» **PROMPT**
Begin at the first line of the data and copy each line through the one containing "A quick and", that line included, with no pictures.

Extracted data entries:
_____
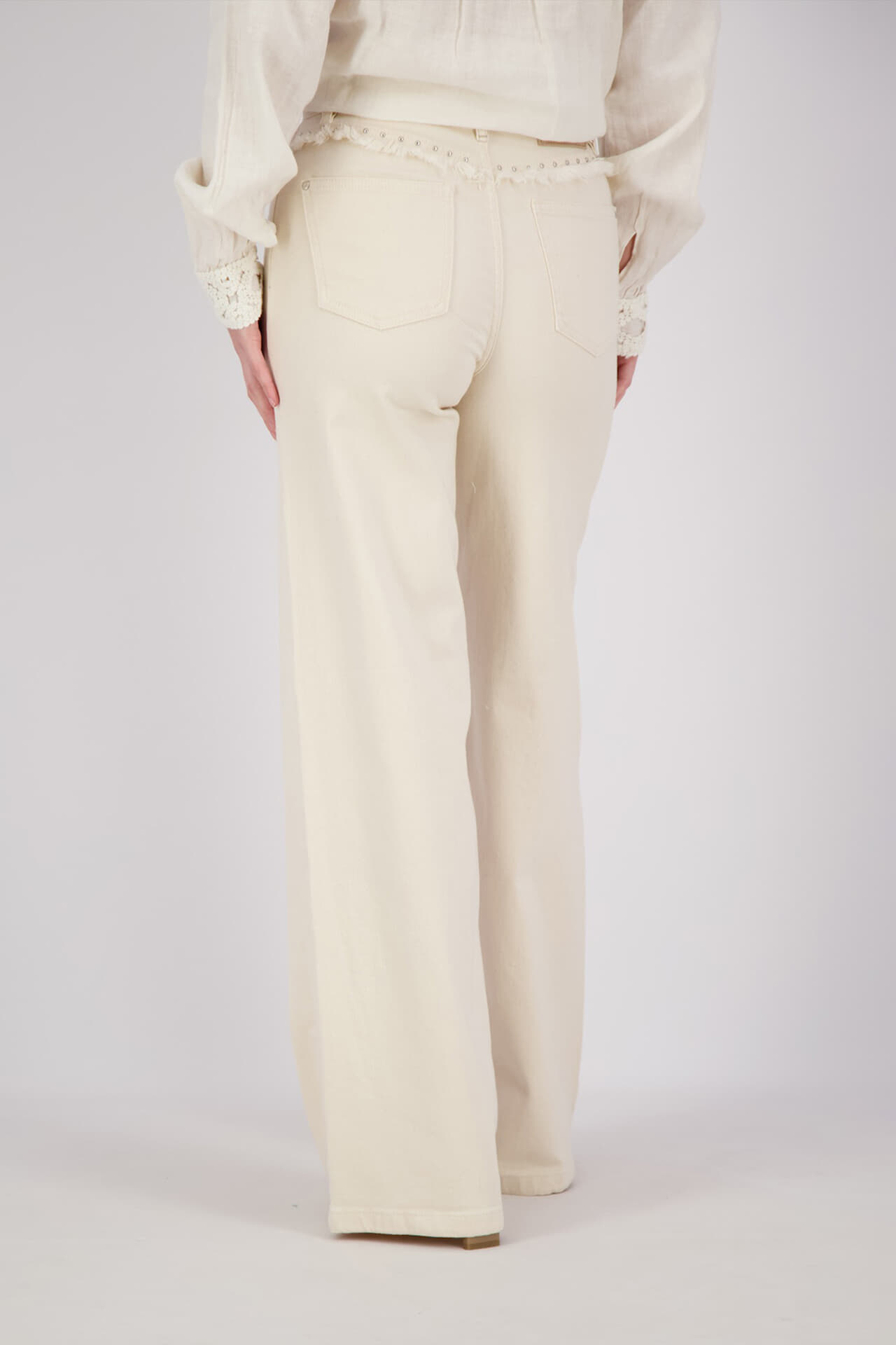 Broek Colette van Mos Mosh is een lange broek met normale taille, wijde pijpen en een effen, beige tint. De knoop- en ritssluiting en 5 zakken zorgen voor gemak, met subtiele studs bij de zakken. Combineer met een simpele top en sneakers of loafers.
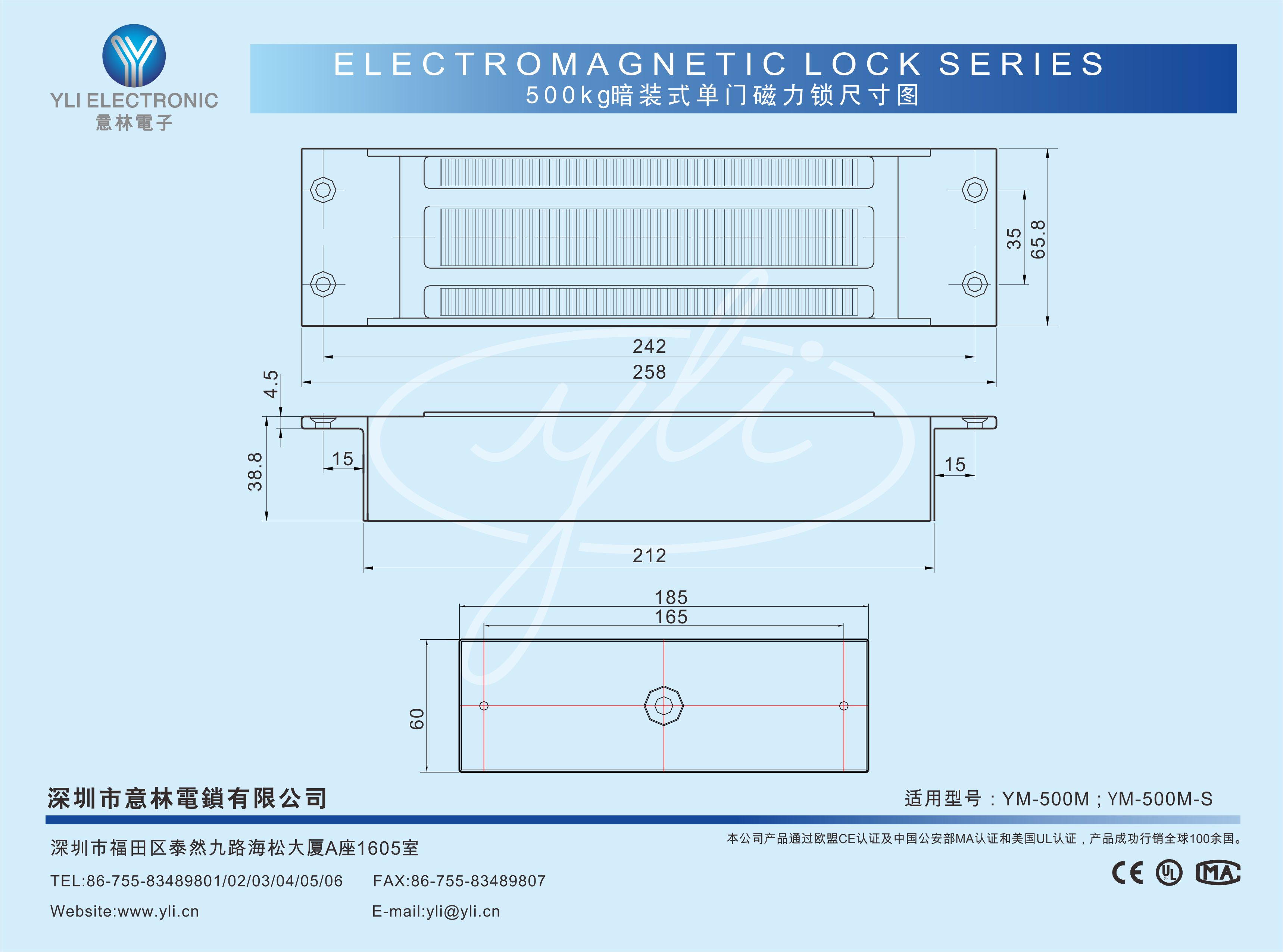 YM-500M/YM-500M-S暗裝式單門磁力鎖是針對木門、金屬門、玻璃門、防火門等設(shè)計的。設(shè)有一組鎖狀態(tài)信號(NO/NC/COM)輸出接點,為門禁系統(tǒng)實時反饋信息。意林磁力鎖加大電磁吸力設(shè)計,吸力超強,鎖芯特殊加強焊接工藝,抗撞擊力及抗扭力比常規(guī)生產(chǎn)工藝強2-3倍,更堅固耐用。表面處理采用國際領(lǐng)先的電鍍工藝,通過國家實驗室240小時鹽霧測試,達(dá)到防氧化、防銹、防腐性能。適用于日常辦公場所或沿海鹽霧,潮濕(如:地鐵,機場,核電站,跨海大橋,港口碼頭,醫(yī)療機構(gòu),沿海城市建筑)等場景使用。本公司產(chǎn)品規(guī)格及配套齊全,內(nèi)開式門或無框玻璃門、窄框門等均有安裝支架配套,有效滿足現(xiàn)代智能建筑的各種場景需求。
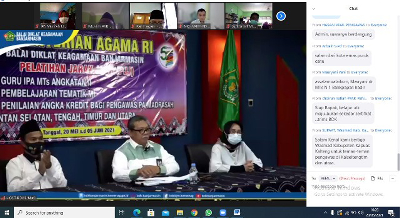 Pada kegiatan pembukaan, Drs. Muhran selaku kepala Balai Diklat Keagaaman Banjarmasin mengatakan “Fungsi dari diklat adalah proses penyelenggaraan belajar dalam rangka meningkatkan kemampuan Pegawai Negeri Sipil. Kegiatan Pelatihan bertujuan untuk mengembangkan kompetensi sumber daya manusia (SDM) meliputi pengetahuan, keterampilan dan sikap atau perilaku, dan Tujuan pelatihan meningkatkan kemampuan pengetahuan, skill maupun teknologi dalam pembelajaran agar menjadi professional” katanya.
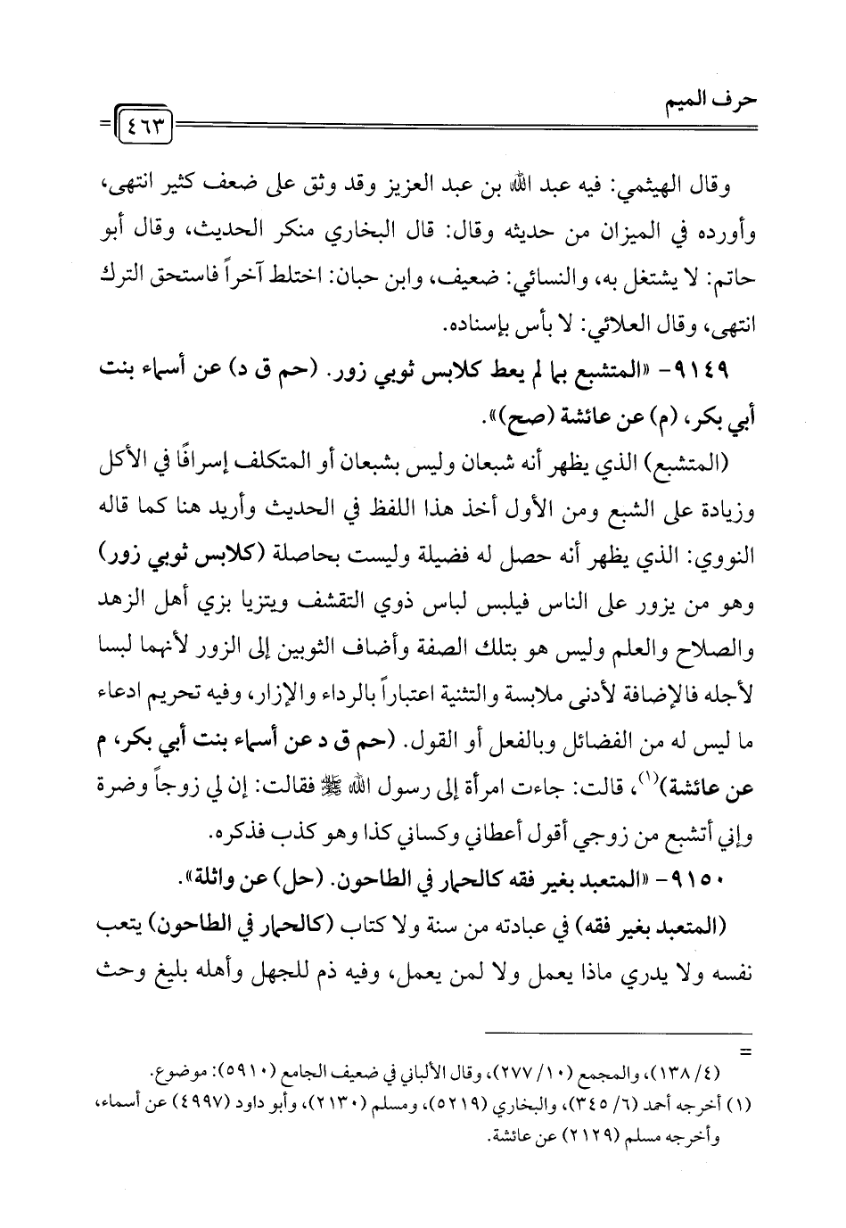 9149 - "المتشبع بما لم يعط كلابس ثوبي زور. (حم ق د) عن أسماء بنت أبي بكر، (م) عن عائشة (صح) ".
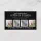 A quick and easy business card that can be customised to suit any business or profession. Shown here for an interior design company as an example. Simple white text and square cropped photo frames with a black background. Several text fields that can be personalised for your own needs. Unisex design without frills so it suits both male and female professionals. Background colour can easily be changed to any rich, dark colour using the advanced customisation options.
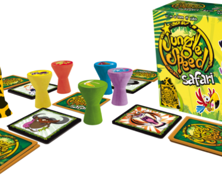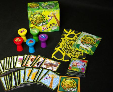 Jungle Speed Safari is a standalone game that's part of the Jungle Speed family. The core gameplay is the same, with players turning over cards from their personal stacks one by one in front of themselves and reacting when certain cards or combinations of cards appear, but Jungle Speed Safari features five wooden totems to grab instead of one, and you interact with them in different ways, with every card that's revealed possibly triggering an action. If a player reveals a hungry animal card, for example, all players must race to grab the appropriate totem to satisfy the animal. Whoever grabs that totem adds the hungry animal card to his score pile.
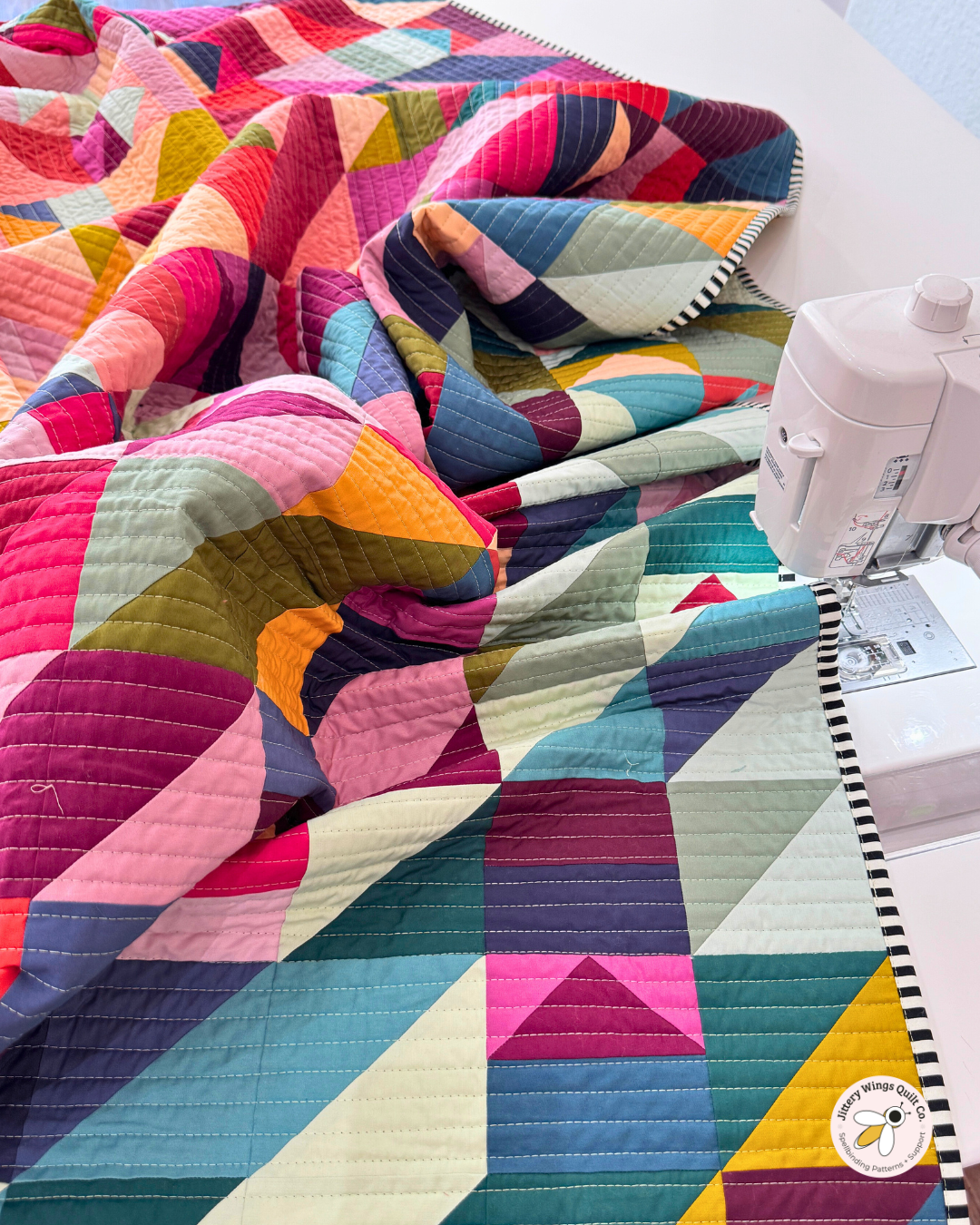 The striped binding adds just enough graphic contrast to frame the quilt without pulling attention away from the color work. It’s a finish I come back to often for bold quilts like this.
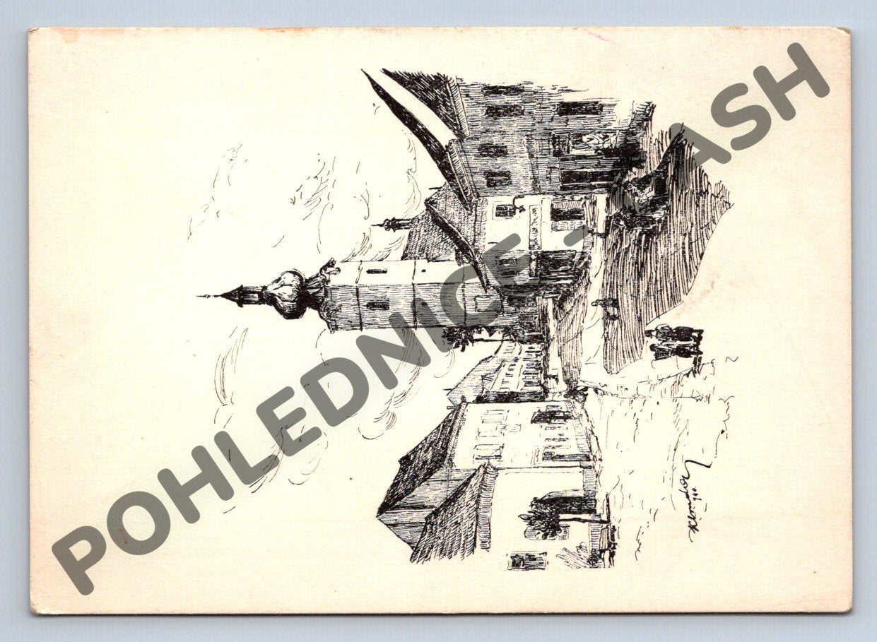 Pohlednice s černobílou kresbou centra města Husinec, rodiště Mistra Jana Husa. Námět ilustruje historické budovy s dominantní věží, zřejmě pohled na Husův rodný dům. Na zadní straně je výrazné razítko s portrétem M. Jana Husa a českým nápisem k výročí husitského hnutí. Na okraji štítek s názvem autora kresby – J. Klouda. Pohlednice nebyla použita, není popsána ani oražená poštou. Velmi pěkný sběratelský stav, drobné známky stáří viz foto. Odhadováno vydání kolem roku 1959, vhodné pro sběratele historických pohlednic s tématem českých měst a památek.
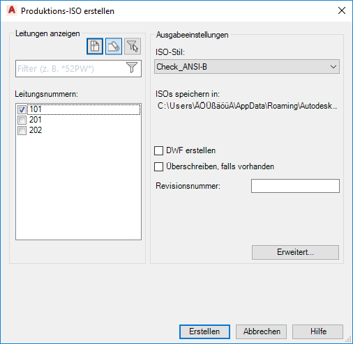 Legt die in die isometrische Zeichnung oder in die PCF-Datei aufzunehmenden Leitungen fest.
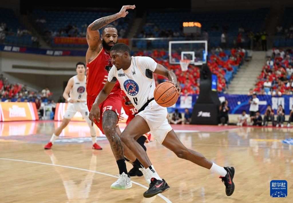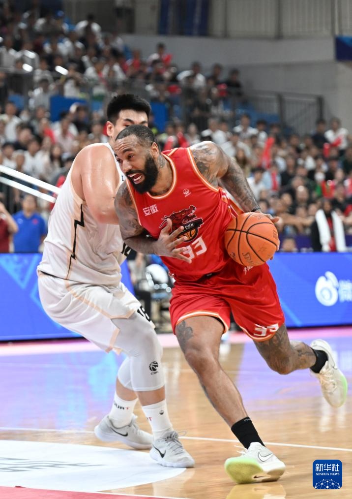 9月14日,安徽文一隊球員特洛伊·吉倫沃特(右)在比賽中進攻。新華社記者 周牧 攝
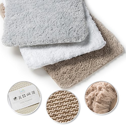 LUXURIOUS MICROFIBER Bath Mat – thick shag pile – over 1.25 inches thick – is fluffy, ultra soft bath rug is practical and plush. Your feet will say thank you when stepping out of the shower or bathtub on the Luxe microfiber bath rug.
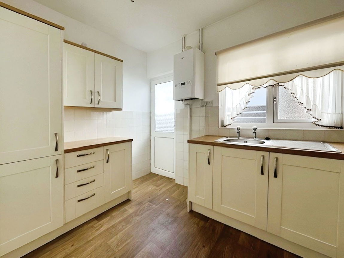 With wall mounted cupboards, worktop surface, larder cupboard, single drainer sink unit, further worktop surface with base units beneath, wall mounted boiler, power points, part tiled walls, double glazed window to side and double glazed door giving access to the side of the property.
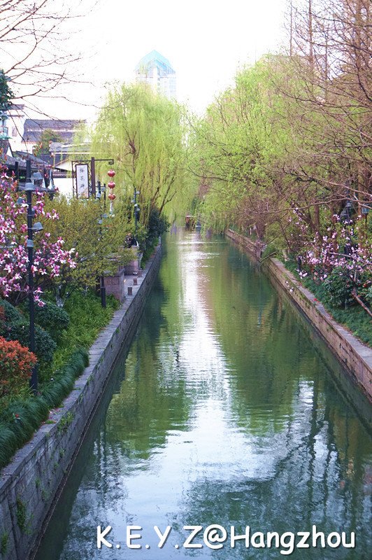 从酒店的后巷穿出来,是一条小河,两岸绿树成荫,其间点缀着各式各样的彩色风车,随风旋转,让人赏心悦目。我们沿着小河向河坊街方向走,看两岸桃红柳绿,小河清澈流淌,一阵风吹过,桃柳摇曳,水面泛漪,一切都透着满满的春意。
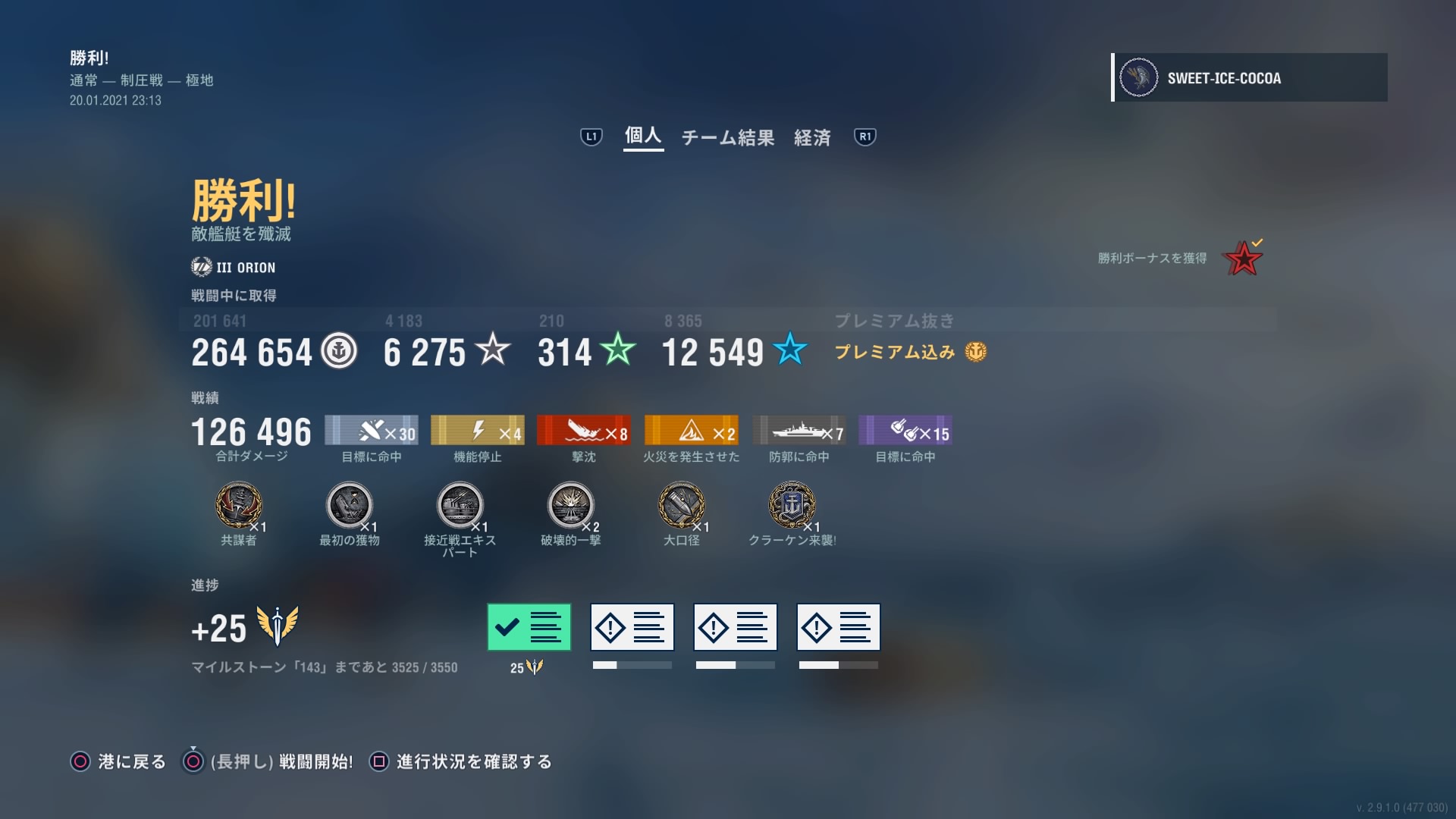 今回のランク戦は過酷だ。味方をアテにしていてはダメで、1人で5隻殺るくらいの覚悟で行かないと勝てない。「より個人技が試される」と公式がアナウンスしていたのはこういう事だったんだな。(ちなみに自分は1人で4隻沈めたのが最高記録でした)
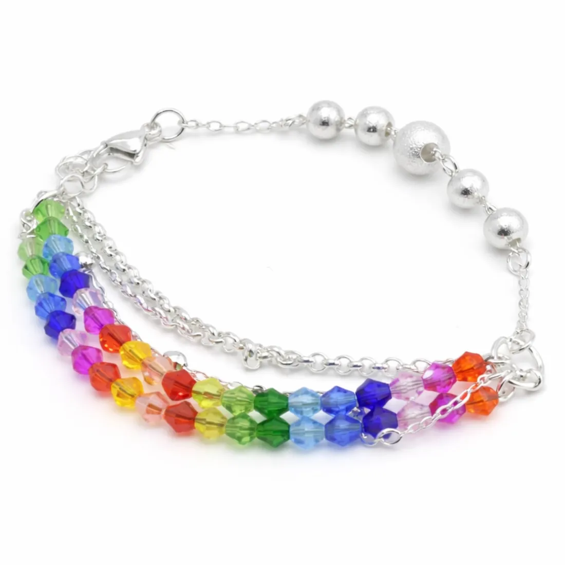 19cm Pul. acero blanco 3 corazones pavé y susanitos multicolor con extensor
_____
» **OUTPUT BELOW**
 Broek Colette van Mos Mosh is een lange broek met normale taille, wijde pijpen en een effen, beige tint. De knoop- en ritssluiting en 5 zakken zorgen voor gemak, met subtiele studs bij de zakken. Combineer met een simpele top en sneakers of loafers.
 YM-500M/YM-500M-S暗裝式單門磁力鎖是針對木門、金屬門、玻璃門、防火門等設(shè)計的。設(shè)有一組鎖狀態(tài)信號(NO/NC/COM)輸出接點,為門禁系統(tǒng)實時反饋信息。意林磁力鎖加大電磁吸力設(shè)計,吸力超強,鎖芯特殊加強焊接工藝,抗撞擊力及抗扭力比常規(guī)生產(chǎn)工藝強2-3倍,更堅固耐用。表面處理采用國際領(lǐng)先的電鍍工藝,通過國家實驗室240小時鹽霧測試,達(dá)到防氧化、防銹、防腐性能。適用于日常辦公場所或沿海鹽霧,潮濕(如:地鐵,機場,核電站,跨海大橋,港口碼頭,醫(yī)療機構(gòu),沿海城市建筑)等場景使用。本公司產(chǎn)品規(guī)格及配套齊全,內(nèi)開式門或無框玻璃門、窄框門等均有安裝支架配套,有效滿足現(xiàn)代智能建筑的各種場景需求。
 Pada kegiatan pembukaan, Drs. Muhran selaku kepala Balai Diklat Keagaaman Banjarmasin mengatakan “Fungsi dari diklat adalah proses penyelenggaraan belajar dalam rangka meningkatkan kemampuan Pegawai Negeri Sipil. Kegiatan Pelatihan bertujuan untuk mengembangkan kompetensi sumber daya manusia (SDM) meliputi pengetahuan, keterampilan dan sikap atau perilaku, dan Tujuan pelatihan meningkatkan kemampuan pengetahuan, skill maupun teknologi dalam pembelajaran agar menjadi professional” katanya.
 9149 - "المتشبع بما لم يعط كلابس ثوبي زور. (حم ق د) عن أسماء بنت أبي بكر، (م) عن عائشة (صح) ".
 A quick and easy business card that can be customised to suit any business or profession. Shown here for an interior design company as an example. Simple white text and square cropped photo frames with a black background. Several text fields that can be personalised for your own needs. Unisex design without frills so it suits both male and female professionals. Background colour can easily be changed to any rich, dark colour using the advanced customisation options.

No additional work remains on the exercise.